= Eigenmode expansion =

Computational electrodynamics technique

Eigenmode expansion (EME) is a computational electrodynamics modelling technique. It is also referred to as the mode matching technique or the bidirectional eigenmode propagation method (BEP method). Eigenmode expansion is a linear frequency-domain method.

It offers very strong benefits compared with FDTD, FEM and the beam propagation method for the modelling of optical waveguides, and it is a popular tool for the modelling linear effects in fiber optics and silicon photonics devices.

==Principles of the EME method==

Eigenmode expansion is a technique to simulate electromagnetic propagation which relies on the decomposition of the electromagnetic fields into a basis set of local eigenmodes that exists in the cross section of the device. The eigenmodes are found by solving Maxwell's equations in each local cross-section. The method can be fully vectorial provided that the mode solvers themselves are fully vectorial.

In a typical waveguide, there are a few guided modes (which propagate without coupling along the waveguide) and an infinite number of radiation modes (which carry optical power away from the waveguide). The guided and radiation modes together form a complete basis set. Many problems can be resolved by considering only a modest number of modes, making EME a very powerful method.

As can be seen from the mathematical formulation, the algorithm is inherently bi-directional. It uses the scattering matrix (S-matrix) technique to join different sections of the waveguide or to model nonuniform structures. For structures that vary continuously along the z-direction, a form of z-discretisation is required. Advanced algorithms have been developed for the modelling of optical tapers.

==Mathematical formulation==

In a structure where the optical refractive index does not vary in the z direction, the solutions of Maxwell's equations take the form of a plane wave:

 $E(x,y,z) = E(x,y)e^{i \beta z}$

We assume here a single wavelength and time dependence of the form $\exp(i \omega t)$.

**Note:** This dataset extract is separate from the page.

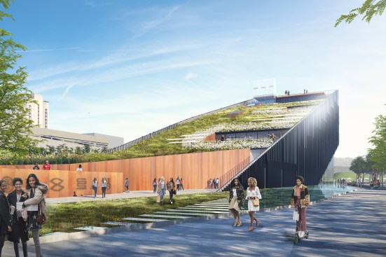 The resulting pavilion erupts from the ground, its form “based on this idea of unearthing buried history, buried truths,” says principal Dayton Schroeter, AIA. The façade uses the iconography of stripes—which recall the American flag and “the uniforms of Black men on chain gangs during Reconstruction, physical jails, and even the rows of cotton of Antebellum slavery, in which African labor was exploited,” he says. Inside are interpretive galleries, community spaces, and places for quiet reflection, all under a green roof that references, among other things, the gardens cultivated by African American healers. “Often we talk about this history as Black history, but it is American history,” Schroeter says. “It’s an opportunity to preserve a rare artifact and create a comprehensive learning experience around it.”

Mathematically $E(x,y) e^{i \beta z}$ and $\beta$ are the eigenfunction and eigenvalues of Maxwell's equations for conditions with simple harmonic z-dependence.

We can express any solution of Maxwell's equations in terms of a superposition of the forward and backward propagating modes:
$$E(x,y,z)= \sum_{k=1}^M {\left(a_k e^{i \beta_k z}+ b_k e^{-i \beta_k z}\right)E_k(x,y)}$$
$$H(x,y,z)= \sum_{k=1}^M {\left(a_k e^{i \beta_k z}- b_k e^{-i \beta_k z}\right)H_k(x,y)}$$

These equations provide a rigorous solution of Maxwell's equations in a linear medium, the only limitation being the finite number of modes.

When there is a change in the structure along the z-direction, the coupling between the different input and output modes can be obtained in the form of a scattering matrix. The scattering matrix of a discrete step can be obtained rigorously by applying the boundary conditions of Maxwell's equations at the interface; this requires calculation of the modes on both sides of the interface and their overlaps. For continuously varying structures (e.g. tapers), the scattering matrix can be obtained by discretising the structure along the z-axis.

==Strengths of the EME method==

- The EME method is ideal for the modelling of guided optical components, for fibre and integrated geometries. The mode calculation can take advantage of symmetries of the structure; for instance cylindrically symmetric structures can be modelled very efficiently.
- The method is fully vectorial (provided that it relies on a fully vectorial mode solver) and fully bidirectional.
- As it relies on a scattering matrix approach, all reflections are taken into account.
- Unlike the beam propagation method, which is only valid under the slowly varying envelope approximation, eigenmode expansion provides a rigorous solution to Maxwell's equations.
- It is generally much more efficient than FDTD or FEM as it does not require fine discretisation (i.e. on the scale of the wavelength) along the direction of propagation.
- The scattering matrix approach provides a flexible calculation framework, potentially allowing users to only re-calculate modified parts of the structure when performing parameter scan studies.
- It is an excellent technique to model long devices or devices composed of metals.
- Fully analytical solutions can be obtained for the modelling of 1D+Z structures.

==Limitations of the EME method==

- EME is limited to linear problems; nonlinear problems may be modelled using iterative techniques.
- EME may be inefficient for modeling structures requiring a very large number of modes, which limits the size of the cross-section for 3D problems.